Benjamin Banneker’s Interest in Astronomy
Banneker liked watching the stars from the very beginning. Later when he grew up he
studied astronomy by borrowing books from other people. He was inspired by an
industrialist in Maryland, Joseph Ellicott and started astronomical calculations in 1773.
In 1789 he had made a prediction about a solar eclipse which really did occur. From
1791 he published an ephemeris which was published in Baltimore in Benjamin
Banneker’s Pennsylvania, Delaware, Maryland and Virginia Almanac and Ephemeris,
for the Year of Our Lord, 1792; Being Bissextile, or Leap-Year, and the Sixteenth Year
of American Independence. His calculations gave the positions of the planets and stars
for each day of the year, and his almanacs were published annually from 1792 until
1797.
Views on Racial Discrimination and Slavery
Banneker was a supporter of peace and strictly opposed racial discrimination. In 1793
he proposed a peace plan for America which included many points including a
suggestion that there should be a ‘Secretary of Peace’. In his letters to Thomas
Jefferson, who wrote the United States Declaration of Independence and was the US
secretary of State, Banneker included many anti-slavery speeches, essays and poetry
by anti-slavery poets such as William Cowper placed in his almanac in 1793. Jefferson
sent Banneker’s almanac to European scientists who commended it for its ideas. His
almanacs showed that the mental ability of Banneker showing that it has nothing to do
with race or color. His last almanac was issued in 1797 due to a decrease of public
interest in the issues of racism and race discrimination.

Death and Memorials


Banneker never got married. He died on 9th October 1806 and was buried near his
home. Alcohol abuse may have been the cause of his death however this is not
confirmed. The Maryland Bicentennial Commission and the State Commission on Afro
American History and Culture created an obelisk in 1977 that stands near his grave in
Oella, Maryland.

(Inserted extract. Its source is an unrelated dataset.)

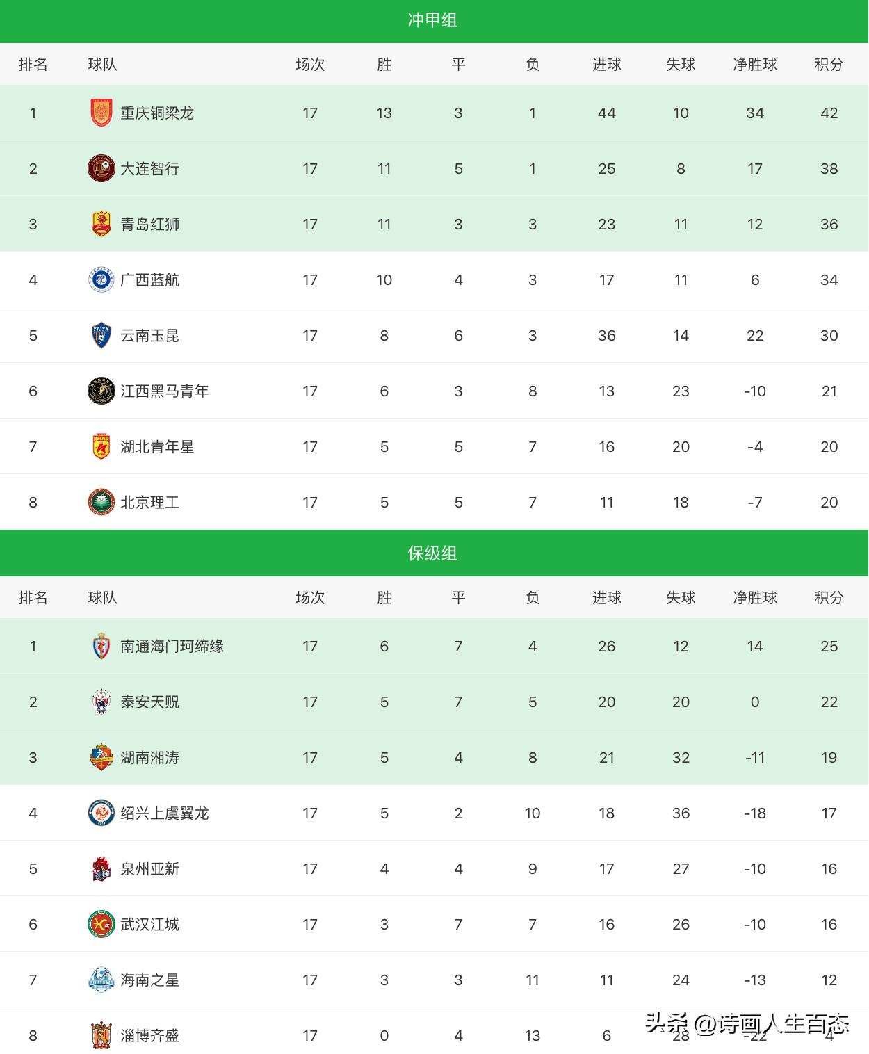 中乙最新积分榜:重庆霸榜将升甲,大连青岛广西云南竞争,淄博降级

The Baltimore County Department of Recreation and Parks made a
Park commemorating Benjamin Banneker on 9th June 1998. The main emphasis of this
park is on Banneker’s contributions to the field of astronomy and Mathematics. There is
a gallery that features his works. On November 9th 2009 there was a replica of his log
cabin created in the park on the 278th anniversary of Banneker’s birth.